▶ **Task statement**: The answer is to be the lines below that lie between the line holding "лицевая фурнитура (ручки)" and the line holding "Cute Loafers Flats", inclusive, transcribed exactly and free of pictures.

(Beginning of Supplied material)

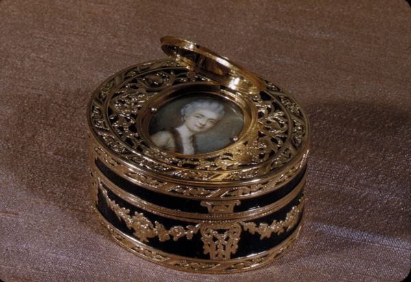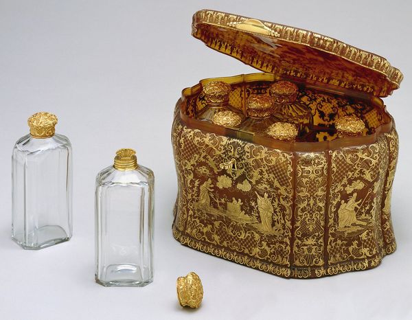 The box is decorated with scenes from the life of St. Nicholas of Myra. This fourth century Greek bishop, who was the patron saint of children, sailors and travelers and the guardian of young women, was the forerunner of St. Nicholas or Father Christmas. The gold scenes were applied in a piqué technique whereby thin sheets of gold are impressed into tortoiseshell which has been softened in boiling water and olive oil. Once the shell cools, it contracts and the gold is securely held in place. This technique was first introduced at the end of the sixteenth century in Naples, and by the following century it had spread to France, England and northern Europe, with Paris and Naples as the principal centers. The costly and time-consuming nature of this intricate technique imply that it was used on only the most expensive small luxury items such as inkstands, trays, snuffboxes and boxes for toilet articles, in this case gold-mounted perfume bottles.
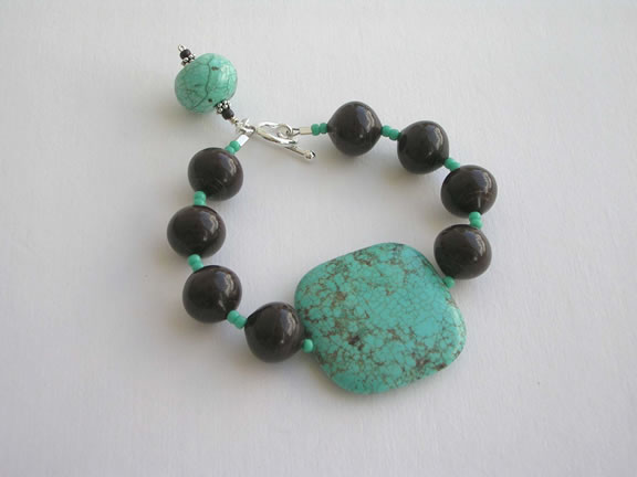 A large turquoise square makes it's own statement but a few chocolate (faintly swirled) vintage Lucite beads compliment it beautifully. Sterling silver toggle with chunky turquoise dangle.
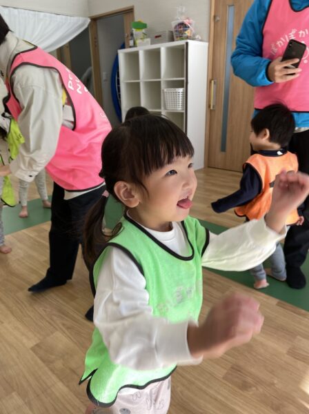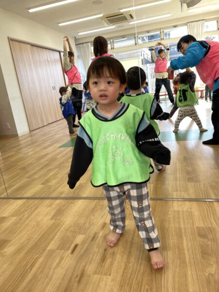 しかし、音楽が変わって好きな曲が流れると、「これ好き!!」と笑顔がはじけ、「先生、見てて!」と伝えながらリズムに合わせて大きなステップと手振りで参加することができました!
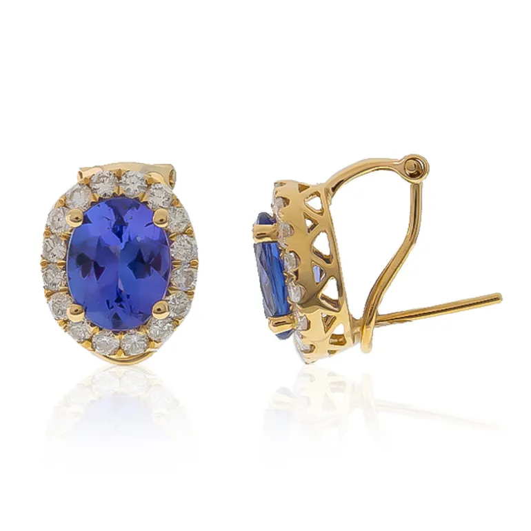 Entdecken Sie die Faszination dieser atemberaubenden Ohrringe mit einem brillanten AAA-Tansanit von 3,702 Karat im Ovalschliff, der von strahlenden SI2-Diamanten umgeben ist. Die sorgfältig aus 14-karätigem Gelbgold gefertigten Ohrringe ziehen mit ihrem leuchtenden Blauton die Blicke auf sich, während die funkelnden Diamanten mit einem Gesamtgewicht von 0,959 Karat einen strahlenden Kontrast bilden. Diese luxuriösen Ohrringe verleihen jedem Ensemble einen Hauch von Raffinesse und eignen sich ideal für besondere Anlässe oder zur Aufwertung Ihres Alltagsstils.
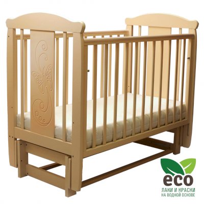 Кроватка "Соня 05" имеет механизм качания продольный маятник. Механизм качания фиксируется. Возможен вариант кровати с ящиком.
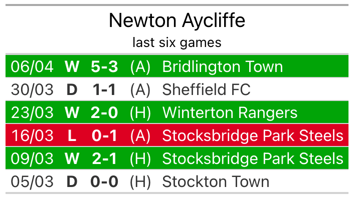 Newton Aycliffe’s last match was on April 6, a 5-3 win against Bridlington Town.
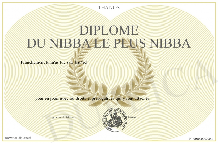 Envoyez par email votre Diplôme du nibba le plus nibba personalisé
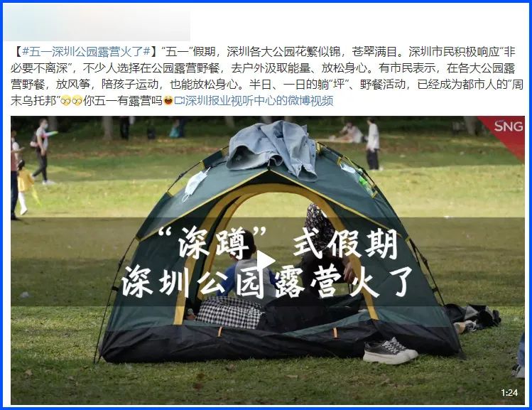 五一复工第一天,打开微博,同城榜热搜上赫然挂着#五一深圳公园露营火了#的话题。
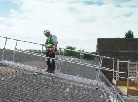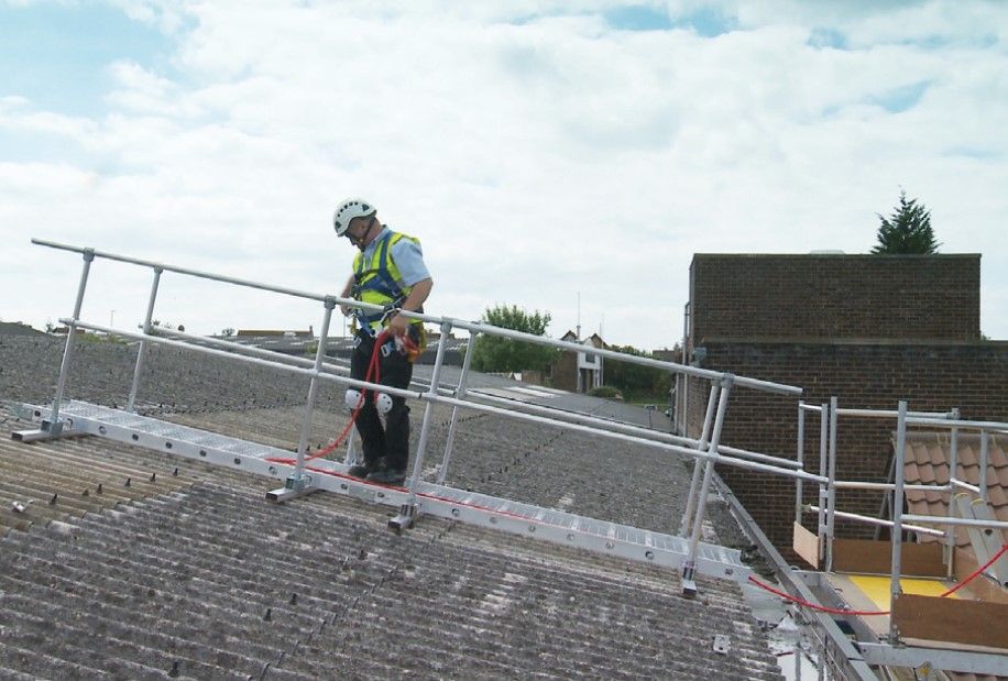 Las principales soluciones de seguridad requeridas para trabajos sobre cubiertas frágiles son fundamentalmente barandillas de protección, pasarelas de seguridad, líneas de vida, plataformas de trabajo o andadores móviles anteponiendo, de acuerdo con la legislación vigente, las medidas colectivas a las individuales.
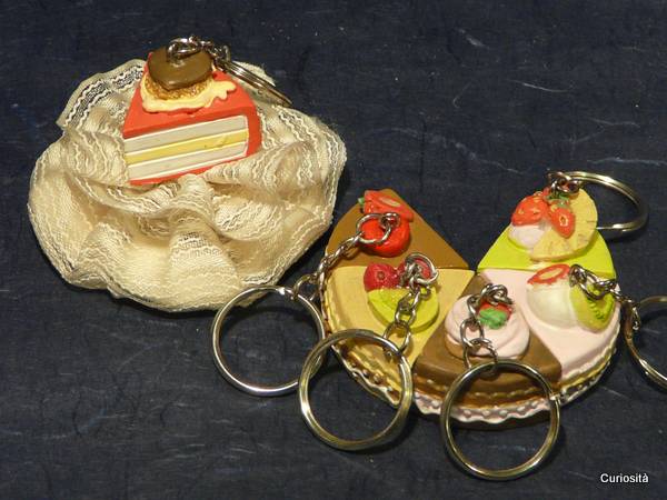 Simpatica composizione realizzata da una graziosa confezione creata con una balza di organza operata di colore avorio chiusa a saccottino e rifinita da un simpatico portachiavi a forma di fetta di torta. Diametro della confezione circa cm. 7. Il potachiavi viene fornito in 6 varianti di colori assortiti. E' incluso nella confezione il bigliettino che stamperemo con i dati da voi forniti. Ricordate di scegliere i confetti che preferite.
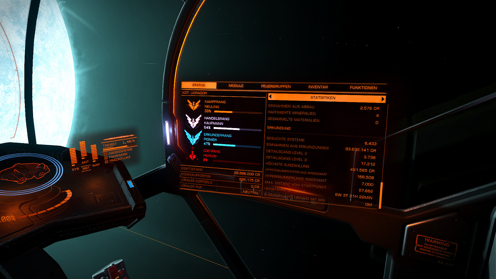 - Bei Attentatsmissionen muss man sich jetzt häufig vorher die Informationen über den Zielort erst noch aus einer Basis per SRV holen. Das hat zumindest theoretisch echt Style. In der Praxis ist es aber leider oft ein Quell ewigen Ärgernisses, weil der SRV sich gefühlt mit jedem Update schwerer steuern läßt. Eine Seifenkiste hat auf einem zugefrorenen See bedeutend mehr Haftung als ein SRV bei Low-Grav, die Lenkung ist zudem echt scheisse
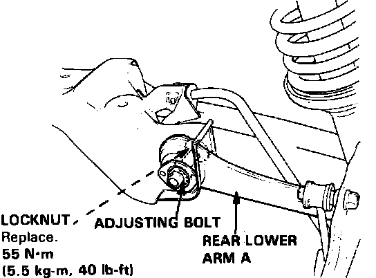 2. Hold adjusting bolt on rear lower arm and loosen locknut, Fig. 8.
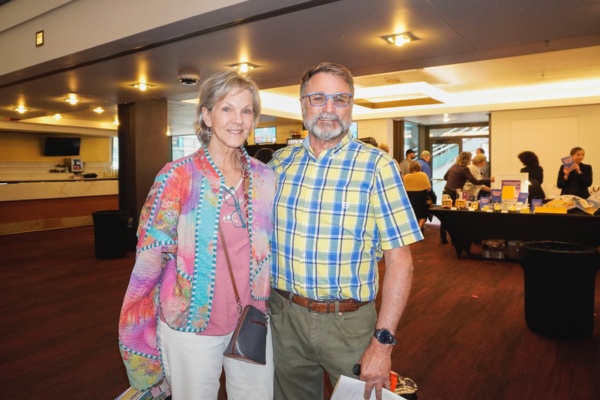 2026年4月8日下午,前银行总裁兼首席执行官、扶轮社社长Donna Petrocco(左)与友人Bill Bathurst一起欣赏了神韵北美艺术团在美国丹佛市布尔剧院(The Buell Theatre)的首场演出。(林慧心/大纪元)
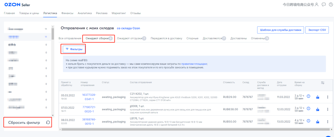 当OZON官方人员在仓库收集点找不到货件时,就会显示该状态。产品发货当天直接移到FBS菜单栏→我的仓库中的订单→有争议的。
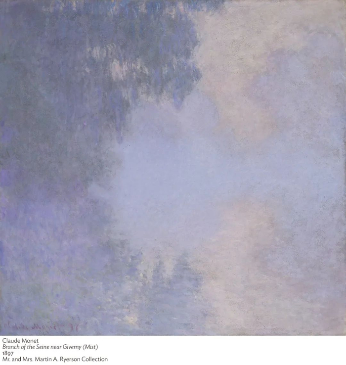 如果我们仔细对比《睡莲池》和芝加哥艺术博物馆收藏的另一幅莫奈作品——《吉维尼附近塞纳支河(薄雾)》,就会发现两幅画既相似又差异:它们明显地体现了莫奈热衷的主题——水、水中的倒影、水与陆地或天空相接的,复杂变幻的瞬间。纵观莫奈的绘画生涯,这一主题一直萦绕在他的脑海,进入20世纪以后,这是他主要描绘的内容。
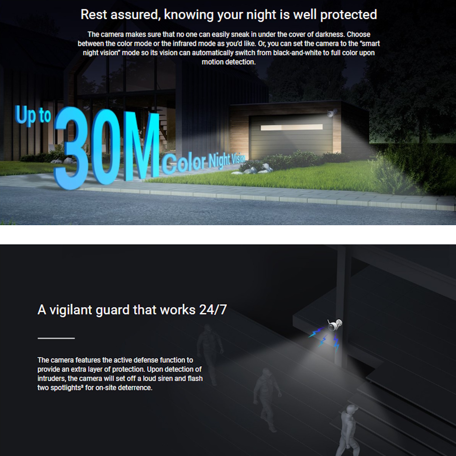 • 360° Aizsardzība ar Viediem Brīdinājumiem – Saņemiet nekavējošus mobilos paziņojumus, izmantojot EZVIZ lietotni, kad tiek konstatēta kustība, informējot jūs par jebkuru aktivitāti.
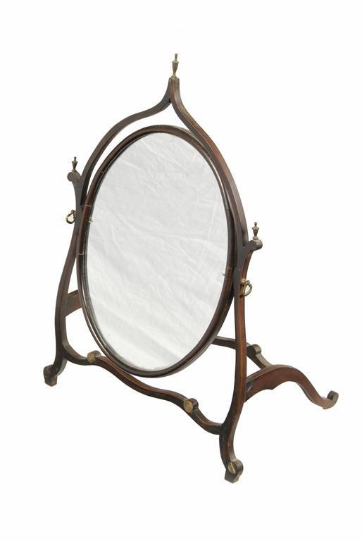 A George III style mahogany drawing table mirror, with an oval plate and open scroll frame having turned brass finials and applied ivory rondels, one and a half missing, 26in (66cm) h, 18.25in (46.5cm) w, 12.5in (32cm) d.
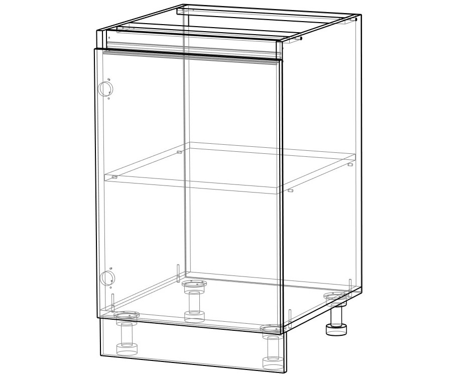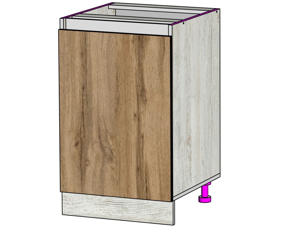 лицевая фурнитура (ручки) отсутствует, для открывания дверей и ящиков (в зависимисти от модификации) используется профиль GOLA (крепится к корпусу), опоры пластиковые черные, торцевые стороны деталей фасадов обработаны кромкой ПВХ толщиной 2 мм!
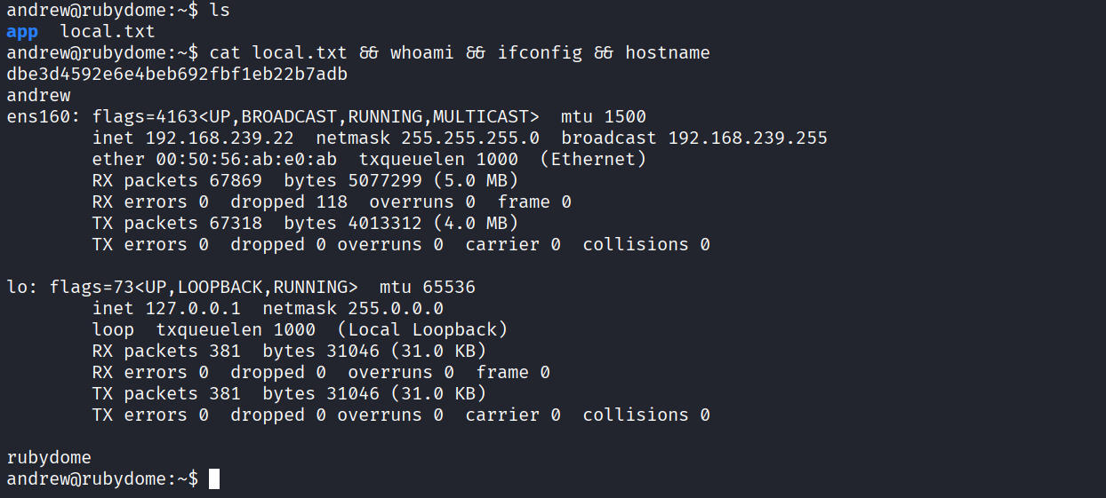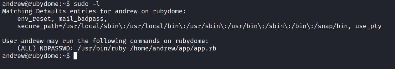 We have sudo access on /usr/bin/ruby /home/andrew/app/app.rb
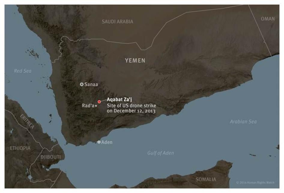 The strike, on December 12, 2013 in Aqabat Za`j, a district northeast of the central Yemeni city of Rad`a, killed at least 12 men ages 20 to 65 and wounded at least 15 others, according to survivors, relatives of the dead, civil society members, and multiple media reports. The relatives said the dead included the son of the groom from his previous marriage. They said shrapnel grazed the bride under one eye, and blew her trousseau to pieces. [25]
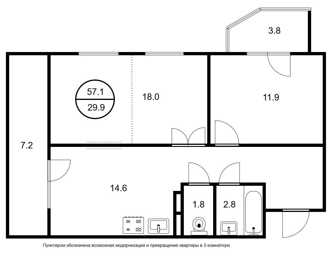 Стандартный план для продажи типовых квартир до 100 квадратных метров
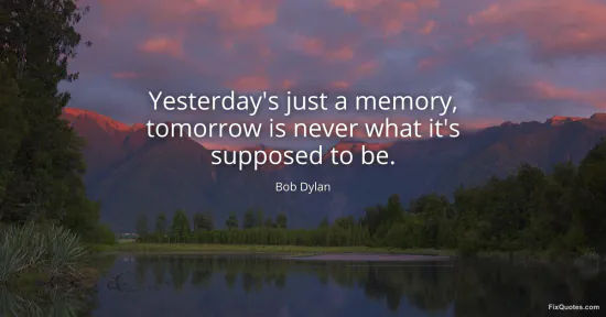 Dylan, Bob. "Yesterday's just a memory, tomorrow is never what it's supposed to be." FixQuotes. January 18, 2026. https://fixquotes.com/quotes/yesterdays-just-a-memory-tomorrow-is-never-what-5123/.
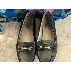 Cute Loafers Flats in Black Patent with Silver accents. Women’s size 9.
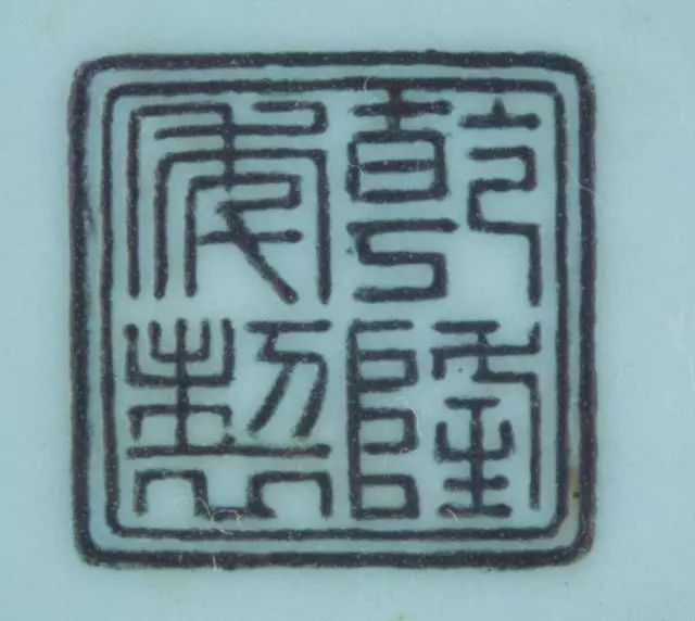 款识放大图7.清仁宗颙琰 - 嘉庆 【1796 - 1820年 25年】嘉庆官窑器一般都用“大清嘉庆年制”三行六字篆书款,主要为青花、无栏框。亦有少量楷书款。粉彩器上常见抹红款。个别器物用刻划款。民窑器中有六字篆字方款,亦有“嘉庆年制”四字款,大多十分草率,有的仅写半边字,还省减笔划,称为草记款,故十分难认。堂名款以“行有恒堂”、“嘉荫堂制”、“植本堂”等为多见。花押款除部分沿用乾隆时期的之外,新出现蝙蝠、桃子等款识。
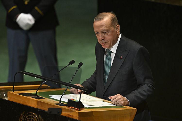 Cumhurbaşkanı Erdoğan, Birleşmiş Milletler (BM) Genel Kurul Salonu'nda BM'nin 80. Genel Kurulu görüşmelerinde katılımcılara hitap etti.
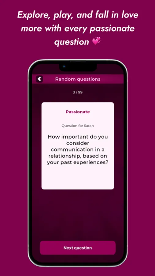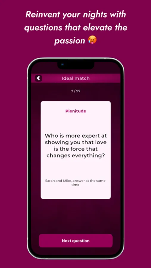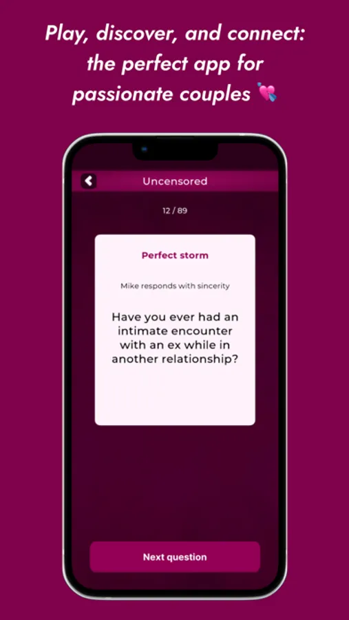 Enjoy question and challenge games designed to strengthen your romantic bond. Discover more about your partner with a wide variety of topics, phrases, and free mini-games.
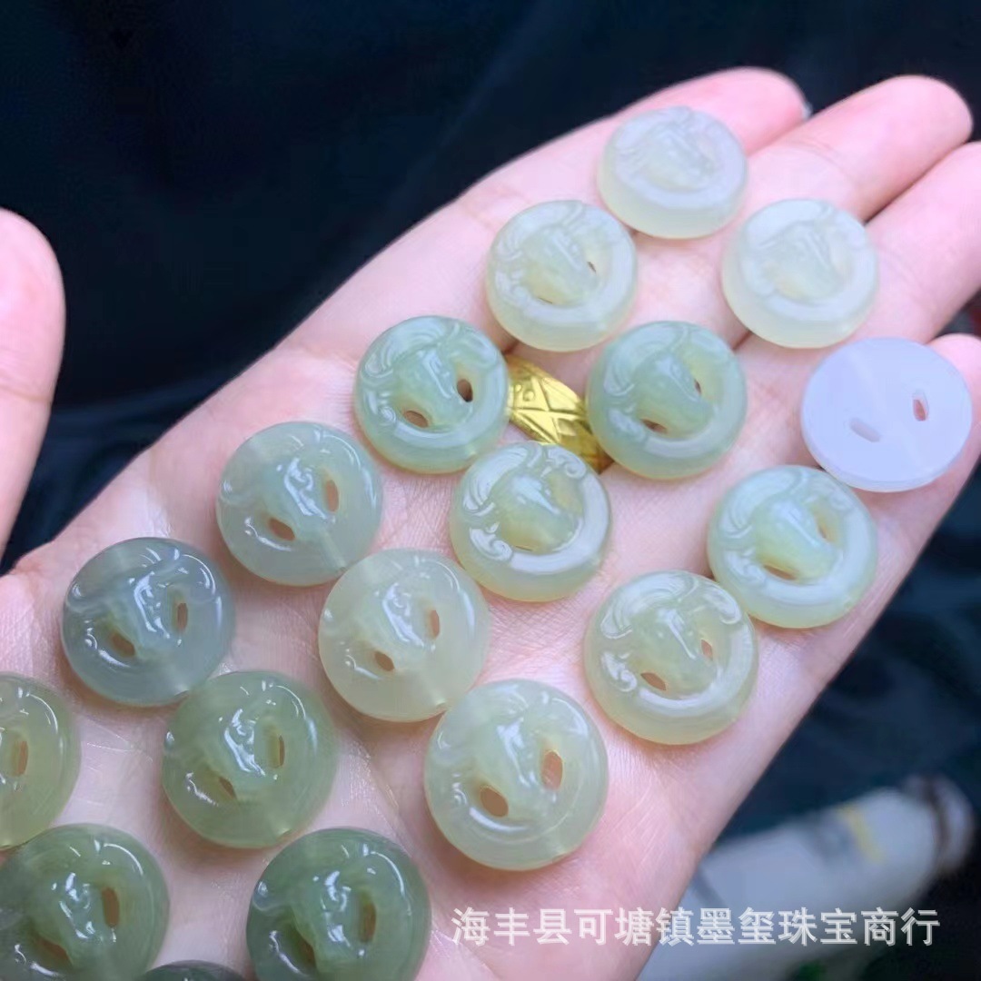 和田玉青海材料牛頭部品diy直通穴アクセサリーペンダント玉ブレスレット散珠アクセサリー卸売り工場

(End of Supplied material)

▶ **Reply to the task**:
 лицевая фурнитура (ручки) отсутствует, для открывания дверей и ящиков (в зависимисти от модификации) используется профиль GOLA (крепится к корпусу), опоры пластиковые черные, торцевые стороны деталей фасадов обработаны кромкой ПВХ толщиной 2 мм!
 We have sudo access on /usr/bin/ruby /home/andrew/app/app.rb
 The strike, on December 12, 2013 in Aqabat Za`j, a district northeast of the central Yemeni city of Rad`a, killed at least 12 men ages 20 to 65 and wounded at least 15 others, according to survivors, relatives of the dead, civil society members, and multiple media reports. The relatives said the dead included the son of the groom from his previous marriage. They said shrapnel grazed the bride under one eye, and blew her trousseau to pieces. [25]
 Стандартный план для продажи типовых квартир до 100 квадратных метров
 Dylan, Bob. "Yesterday's just a memory, tomorrow is never what it's supposed to be." FixQuotes. January 18, 2026. https://fixquotes.com/quotes/yesterdays-just-a-memory-tomorrow-is-never-what-5123/.
 Cute Loafers Flats in Black Patent with Silver accents. Women’s size 9.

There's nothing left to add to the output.